__WORK INSTRUCTION__
Transcribe the stretch of entries below from the line with "Para esta campaña" through the line with "A gentle and", exactly and with both ends included; leave out all other lines.

__EXERCISE INPUTS__
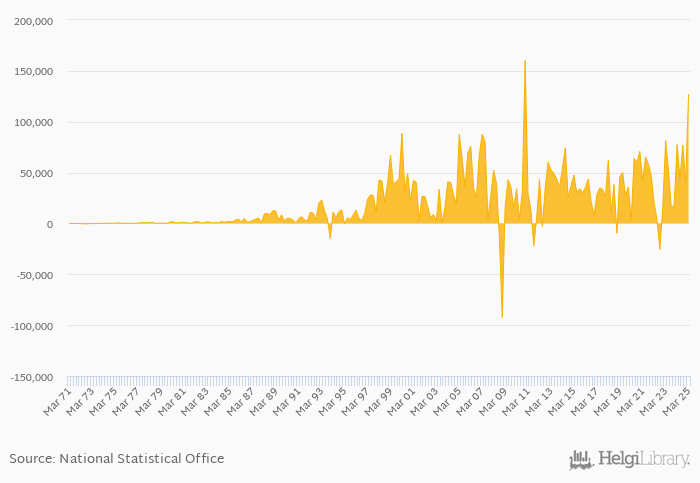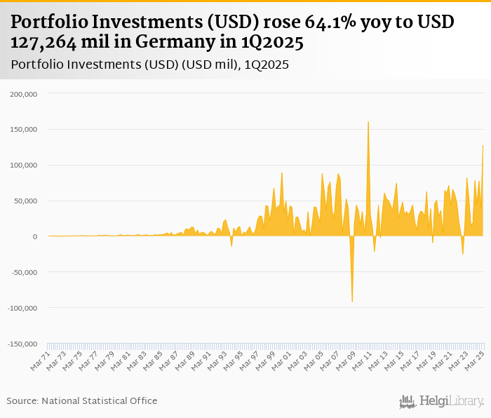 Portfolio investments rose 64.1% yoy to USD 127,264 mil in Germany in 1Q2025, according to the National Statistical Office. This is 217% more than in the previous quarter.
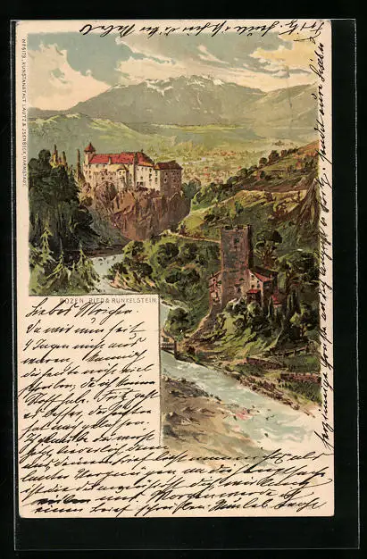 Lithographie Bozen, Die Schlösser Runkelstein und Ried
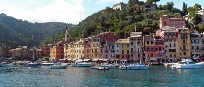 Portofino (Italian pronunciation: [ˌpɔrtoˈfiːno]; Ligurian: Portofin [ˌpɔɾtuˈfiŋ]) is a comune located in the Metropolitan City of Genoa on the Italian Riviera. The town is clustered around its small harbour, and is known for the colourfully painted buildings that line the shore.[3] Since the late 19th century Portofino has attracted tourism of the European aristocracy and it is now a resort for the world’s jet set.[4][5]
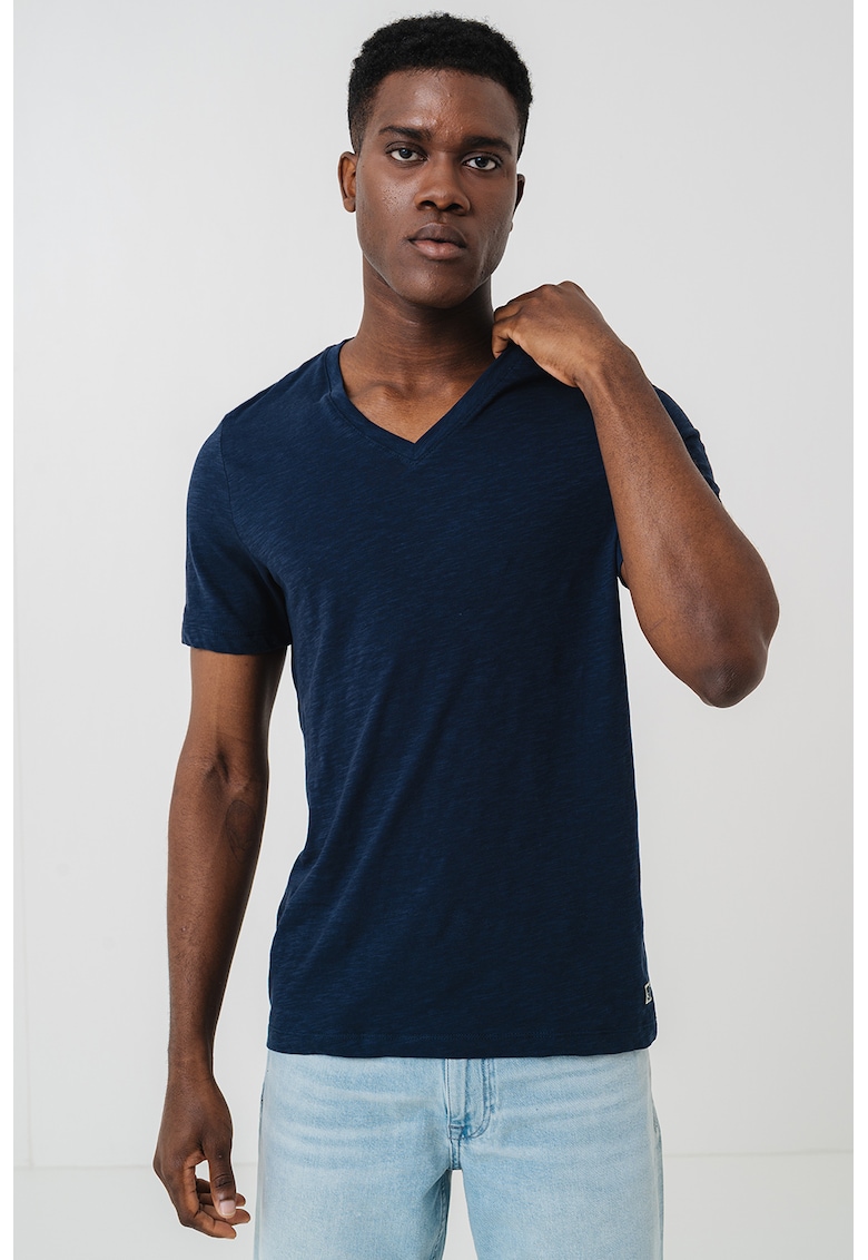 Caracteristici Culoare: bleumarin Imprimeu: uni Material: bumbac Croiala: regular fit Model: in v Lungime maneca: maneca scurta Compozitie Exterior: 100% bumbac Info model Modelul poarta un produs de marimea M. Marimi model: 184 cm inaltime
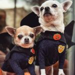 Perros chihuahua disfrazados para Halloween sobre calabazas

==

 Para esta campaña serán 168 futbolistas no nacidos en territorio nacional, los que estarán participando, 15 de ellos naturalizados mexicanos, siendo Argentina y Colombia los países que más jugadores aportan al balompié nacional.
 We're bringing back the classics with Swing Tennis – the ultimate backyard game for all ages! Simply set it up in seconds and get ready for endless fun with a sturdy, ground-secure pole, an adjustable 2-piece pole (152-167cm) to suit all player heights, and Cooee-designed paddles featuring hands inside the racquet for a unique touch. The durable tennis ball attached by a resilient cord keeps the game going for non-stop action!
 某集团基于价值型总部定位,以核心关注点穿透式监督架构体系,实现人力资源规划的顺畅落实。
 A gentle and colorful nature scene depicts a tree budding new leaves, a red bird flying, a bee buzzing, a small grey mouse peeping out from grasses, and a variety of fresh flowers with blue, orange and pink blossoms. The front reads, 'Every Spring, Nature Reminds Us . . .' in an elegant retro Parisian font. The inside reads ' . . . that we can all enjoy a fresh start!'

* * *

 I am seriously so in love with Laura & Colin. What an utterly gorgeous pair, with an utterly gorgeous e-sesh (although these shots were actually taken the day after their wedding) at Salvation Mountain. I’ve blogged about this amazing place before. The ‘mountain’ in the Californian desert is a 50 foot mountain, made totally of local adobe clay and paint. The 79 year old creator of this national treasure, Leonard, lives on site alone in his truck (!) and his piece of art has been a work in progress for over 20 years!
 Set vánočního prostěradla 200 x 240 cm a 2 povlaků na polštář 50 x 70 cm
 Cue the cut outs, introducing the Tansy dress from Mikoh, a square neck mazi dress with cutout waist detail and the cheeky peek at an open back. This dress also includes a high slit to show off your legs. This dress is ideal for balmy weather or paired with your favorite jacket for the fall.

__WRITTEN RESPONSE__
 Para esta campaña serán 168 futbolistas no nacidos en territorio nacional, los que estarán participando, 15 de ellos naturalizados mexicanos, siendo Argentina y Colombia los países que más jugadores aportan al balompié nacional.
 We're bringing back the classics with Swing Tennis – the ultimate backyard game for all ages! Simply set it up in seconds and get ready for endless fun with a sturdy, ground-secure pole, an adjustable 2-piece pole (152-167cm) to suit all player heights, and Cooee-designed paddles featuring hands inside the racquet for a unique touch. The durable tennis ball attached by a resilient cord keeps the game going for non-stop action!
 某集团基于价值型总部定位,以核心关注点穿透式监督架构体系,实现人力资源规划的顺畅落实。
 A gentle and colorful nature scene depicts a tree budding new leaves, a red bird flying, a bee buzzing, a small grey mouse peeping out from grasses, and a variety of fresh flowers with blue, orange and pink blossoms. The front reads, 'Every Spring, Nature Reminds Us . . .' in an elegant retro Parisian font. The inside reads ' . . . that we can all enjoy a fresh start!'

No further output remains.